How to Build Safe Clinical AI Systems

7 takeaways you can apply today

Jun 07, 2026

∙ Paid

This is Clinical Product Thinking 🧠, a weekly newsletter featuring practical tips, frameworks and strategies from the frontlines of clinical product.

Welcome, friends, this is issue No. 041 of Clinical Product Thinking. This week we're talking about what it takes to build clinical AI that patients, clinicians and health systems can trust.

You can have a clinically accurate model and still make care worse. That gap, between a model that works and a product that helps, ran through this week’s panel.

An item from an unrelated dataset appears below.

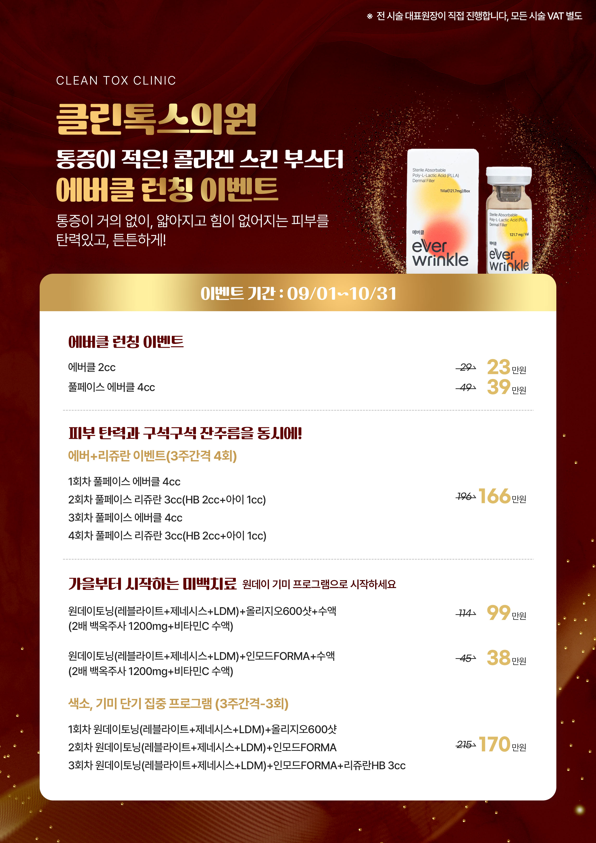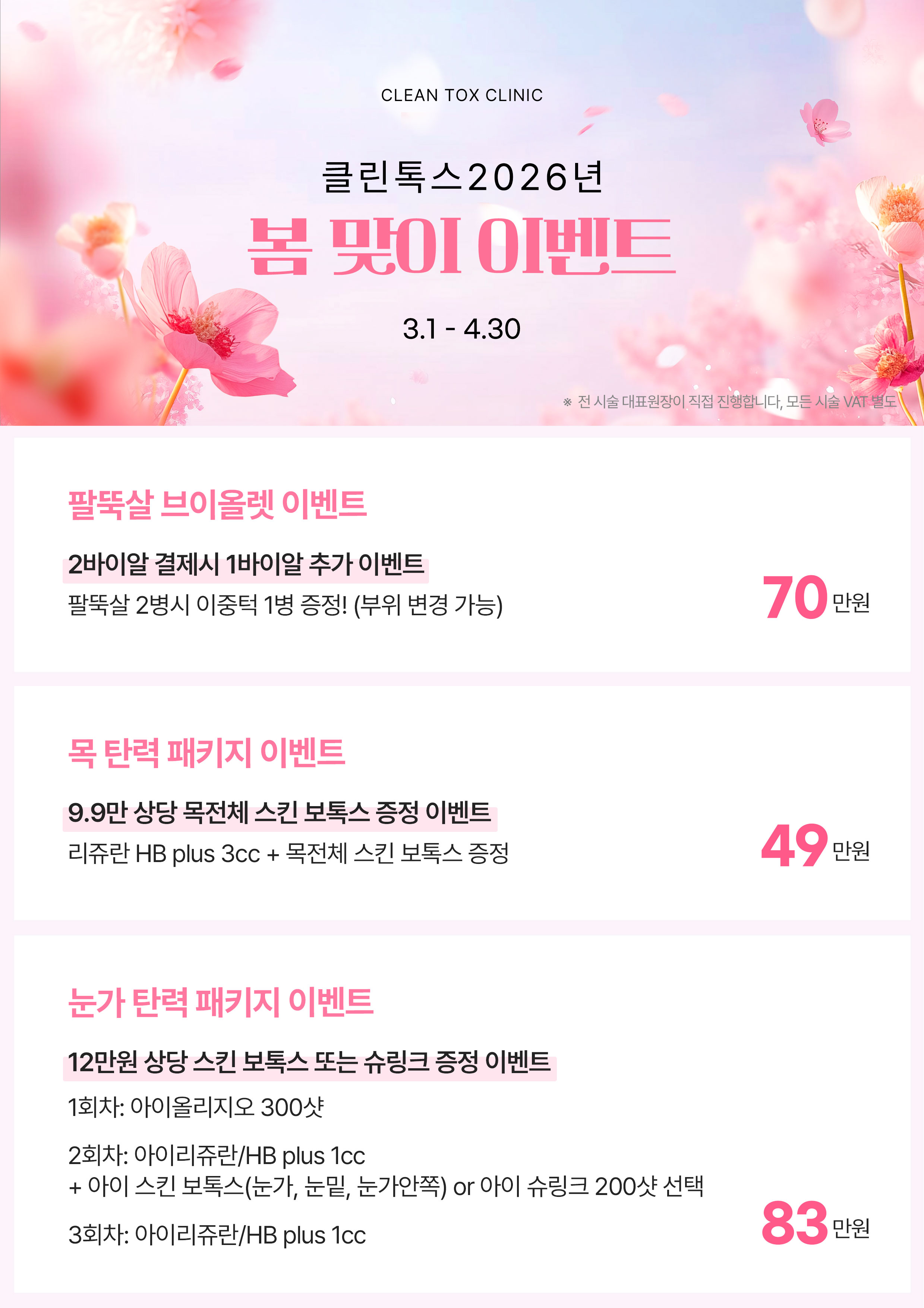 1:1 맞춤 디자인으로 만족도 UP 개인별 맞춤형디자인 필러 VIEW MORE 섬세한 시술로 말끔하게 이마, 미간 등미세 주름 필러/흉터필러 VIEW MORE 탄력과 물광을 동시에 개선 쥬베룩물광 모공탄력주사 VIEW MORE

On Tuesday, Dani and I ran the second event in our panel series, this time on building safe, effective clinical AI. We covered where AI belongs in care pathways and where it fails, how to think about clinical and behavioural safety, what “human in the loop” actually solves, and why so much of the hard work happens outside the model.

Thanks to Dani for being my fabulous co-host and Dr Lucinda and Dr Paul for sharing their incredible wisdom.

Here are the seven things I’m still thinking about. 👇

1. Stop looking for places to put AI

The panel made it clear, the wrong starting question is “Where can we use AI?” It may sound reasonable, but it is wrong. The better question is “Where is the pathway currently failing?”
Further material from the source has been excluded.